RAG

Retrieval-Augmented Generation · February 17, 2026

Summary

RAG (Retrieval-Augmented Generation) is a technique that makes AI assistants smarter by letting them look up information before answering. Instead of relying only on what they learned during training, RAG systems search through documents, databases, or the web to find relevant facts — then use those facts to generate accurate, up-to-date responses.

Elementary School

Ages 8-10

Imagine you have a really smart friend who knows a lot of things. But sometimes, when you ask them a question, they're not 100% sure of the answer — maybe it's about something that happened last week, or something very specific.

RAG is like giving your smart friend a backpack full of books and notes. Before answering your question, they can quickly flip through their backpack to find the right information. Then they give you an answer based on what they just read!

So instead of just guessing or saying what they think they know, your friend can actually look it up and give you a better answer. That's what RAG does for AI — it lets the AI "look things up" before responding to you.

High School

Ages 14-18

Historical context: The term "Retrieval-Augmented Generation" was coined by Facebook AI Research (now Meta AI) in a 2020 paper. It emerged because large language models (LLMs) like GPT have a fundamental limitation: their knowledge is frozen at the time of training. If you train a model in 2023, it doesn't know about events in 2024.

Before RAG, there were two separate worlds: retrieval systems (like Google Search, which finds documents) and generation systems (like ChatGPT, which writes text). RAG combined them into a single pipeline.

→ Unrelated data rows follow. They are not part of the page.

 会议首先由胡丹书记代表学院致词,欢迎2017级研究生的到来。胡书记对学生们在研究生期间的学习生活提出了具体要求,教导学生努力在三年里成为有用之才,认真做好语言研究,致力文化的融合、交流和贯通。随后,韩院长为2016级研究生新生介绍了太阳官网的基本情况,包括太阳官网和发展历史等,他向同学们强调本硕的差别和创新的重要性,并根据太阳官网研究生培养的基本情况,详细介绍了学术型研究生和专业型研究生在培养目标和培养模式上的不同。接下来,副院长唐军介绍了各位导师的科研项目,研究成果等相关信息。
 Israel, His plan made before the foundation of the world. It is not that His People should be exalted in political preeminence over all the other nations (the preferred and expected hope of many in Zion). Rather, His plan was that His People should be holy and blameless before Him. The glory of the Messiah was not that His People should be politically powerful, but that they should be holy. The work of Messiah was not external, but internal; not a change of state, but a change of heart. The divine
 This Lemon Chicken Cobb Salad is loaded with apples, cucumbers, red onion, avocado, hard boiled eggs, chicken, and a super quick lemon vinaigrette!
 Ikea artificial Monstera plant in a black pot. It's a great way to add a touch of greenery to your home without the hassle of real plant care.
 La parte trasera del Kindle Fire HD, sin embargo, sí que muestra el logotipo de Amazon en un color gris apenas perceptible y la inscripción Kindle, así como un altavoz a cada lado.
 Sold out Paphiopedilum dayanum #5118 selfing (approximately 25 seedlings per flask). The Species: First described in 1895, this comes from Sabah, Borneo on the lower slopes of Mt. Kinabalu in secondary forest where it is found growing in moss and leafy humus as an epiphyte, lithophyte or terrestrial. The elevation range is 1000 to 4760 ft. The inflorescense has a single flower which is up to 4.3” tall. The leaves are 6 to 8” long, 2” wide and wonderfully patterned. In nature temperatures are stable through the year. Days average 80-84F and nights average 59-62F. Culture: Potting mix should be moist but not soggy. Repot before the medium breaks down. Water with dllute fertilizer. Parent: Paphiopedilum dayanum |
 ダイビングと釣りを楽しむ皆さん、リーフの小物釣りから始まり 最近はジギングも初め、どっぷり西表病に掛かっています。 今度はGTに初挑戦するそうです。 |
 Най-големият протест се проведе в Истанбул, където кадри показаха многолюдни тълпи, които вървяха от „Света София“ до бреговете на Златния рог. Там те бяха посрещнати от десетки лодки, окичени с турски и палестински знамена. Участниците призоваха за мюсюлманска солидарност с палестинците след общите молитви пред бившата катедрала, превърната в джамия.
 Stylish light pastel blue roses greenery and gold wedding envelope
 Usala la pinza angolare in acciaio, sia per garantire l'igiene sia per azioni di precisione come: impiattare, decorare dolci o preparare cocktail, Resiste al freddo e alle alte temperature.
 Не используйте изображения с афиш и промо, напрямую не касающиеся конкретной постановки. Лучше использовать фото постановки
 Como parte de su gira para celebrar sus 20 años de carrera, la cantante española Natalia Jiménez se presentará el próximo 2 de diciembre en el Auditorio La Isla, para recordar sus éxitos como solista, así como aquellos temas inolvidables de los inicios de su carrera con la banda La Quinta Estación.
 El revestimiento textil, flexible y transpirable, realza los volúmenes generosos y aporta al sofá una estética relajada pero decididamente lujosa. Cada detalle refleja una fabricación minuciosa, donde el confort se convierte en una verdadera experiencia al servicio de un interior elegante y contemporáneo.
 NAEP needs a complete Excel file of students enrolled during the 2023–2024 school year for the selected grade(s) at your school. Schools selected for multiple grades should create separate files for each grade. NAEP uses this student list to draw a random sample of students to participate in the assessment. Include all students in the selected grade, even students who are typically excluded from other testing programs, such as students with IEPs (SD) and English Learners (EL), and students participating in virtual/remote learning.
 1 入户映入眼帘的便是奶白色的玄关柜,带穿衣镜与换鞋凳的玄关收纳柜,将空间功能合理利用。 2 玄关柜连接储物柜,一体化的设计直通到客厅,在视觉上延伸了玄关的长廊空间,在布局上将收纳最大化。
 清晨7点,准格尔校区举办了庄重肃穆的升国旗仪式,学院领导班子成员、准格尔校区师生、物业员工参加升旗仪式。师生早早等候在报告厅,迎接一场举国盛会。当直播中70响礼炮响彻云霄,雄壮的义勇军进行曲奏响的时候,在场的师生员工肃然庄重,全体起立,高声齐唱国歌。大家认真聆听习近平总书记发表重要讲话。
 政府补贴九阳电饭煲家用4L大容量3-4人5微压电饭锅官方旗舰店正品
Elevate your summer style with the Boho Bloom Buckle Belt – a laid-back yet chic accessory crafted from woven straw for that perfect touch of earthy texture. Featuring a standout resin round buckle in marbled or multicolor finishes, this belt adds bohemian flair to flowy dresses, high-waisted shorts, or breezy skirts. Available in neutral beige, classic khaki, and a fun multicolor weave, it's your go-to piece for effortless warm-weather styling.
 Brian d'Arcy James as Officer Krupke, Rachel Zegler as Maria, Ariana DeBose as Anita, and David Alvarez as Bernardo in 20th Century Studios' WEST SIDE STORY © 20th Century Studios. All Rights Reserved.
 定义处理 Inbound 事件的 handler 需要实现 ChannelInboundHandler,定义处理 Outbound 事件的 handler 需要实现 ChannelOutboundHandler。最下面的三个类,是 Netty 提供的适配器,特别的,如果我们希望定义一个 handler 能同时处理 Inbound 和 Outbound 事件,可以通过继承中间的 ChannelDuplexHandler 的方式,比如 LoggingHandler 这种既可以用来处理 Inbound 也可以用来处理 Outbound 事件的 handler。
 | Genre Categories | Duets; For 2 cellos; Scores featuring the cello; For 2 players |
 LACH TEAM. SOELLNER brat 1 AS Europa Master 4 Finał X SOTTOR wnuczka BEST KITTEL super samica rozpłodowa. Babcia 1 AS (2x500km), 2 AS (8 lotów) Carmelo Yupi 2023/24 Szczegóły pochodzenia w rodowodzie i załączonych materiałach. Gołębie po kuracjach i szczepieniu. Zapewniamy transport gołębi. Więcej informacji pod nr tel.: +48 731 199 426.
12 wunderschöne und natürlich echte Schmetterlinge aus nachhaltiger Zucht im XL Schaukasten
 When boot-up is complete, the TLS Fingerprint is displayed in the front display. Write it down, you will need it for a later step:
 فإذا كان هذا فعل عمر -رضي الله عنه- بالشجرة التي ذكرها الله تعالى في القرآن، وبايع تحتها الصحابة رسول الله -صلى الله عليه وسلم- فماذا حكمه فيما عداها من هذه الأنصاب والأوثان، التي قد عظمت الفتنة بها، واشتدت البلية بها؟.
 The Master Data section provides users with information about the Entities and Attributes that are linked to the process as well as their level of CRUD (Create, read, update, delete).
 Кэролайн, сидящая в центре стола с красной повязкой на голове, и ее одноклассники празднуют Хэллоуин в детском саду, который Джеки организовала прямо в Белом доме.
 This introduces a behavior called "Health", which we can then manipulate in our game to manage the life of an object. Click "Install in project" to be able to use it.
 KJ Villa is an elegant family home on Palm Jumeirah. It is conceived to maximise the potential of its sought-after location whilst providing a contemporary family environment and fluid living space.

Question → Retrieve relevant documents → Generate answer using those documents

The core insight: Instead of trying to cram all knowledge into a model's weights (which is expensive and gets outdated), let the model access an external knowledge base at inference time.

Why this matters:

Accuracy: Answers are grounded in actual documents, not just "vibes"
Freshness: Knowledge can be updated without retraining
Attribution: You can cite sources for where the information came from
Domain specialization: A general AI can become an expert on your company's documents

Example

You ask an AI: "What was our company's revenue last quarter?" A vanilla LLM would have no idea. A RAG system searches your internal financial documents, finds the quarterly report, and answers: "$4.2M, up 15% from Q2" — with a link to the source.

College Undergraduate

Ages 18-22

The RAG pipeline explained:

1. Indexing (offline): Documents are chunked into smaller pieces (typically 256-512 tokens), then converted into vector embeddings using an embedding model (like OpenAI's text-embedding-3 or open-source alternatives like BGE, E5). These vectors are stored in a vector database.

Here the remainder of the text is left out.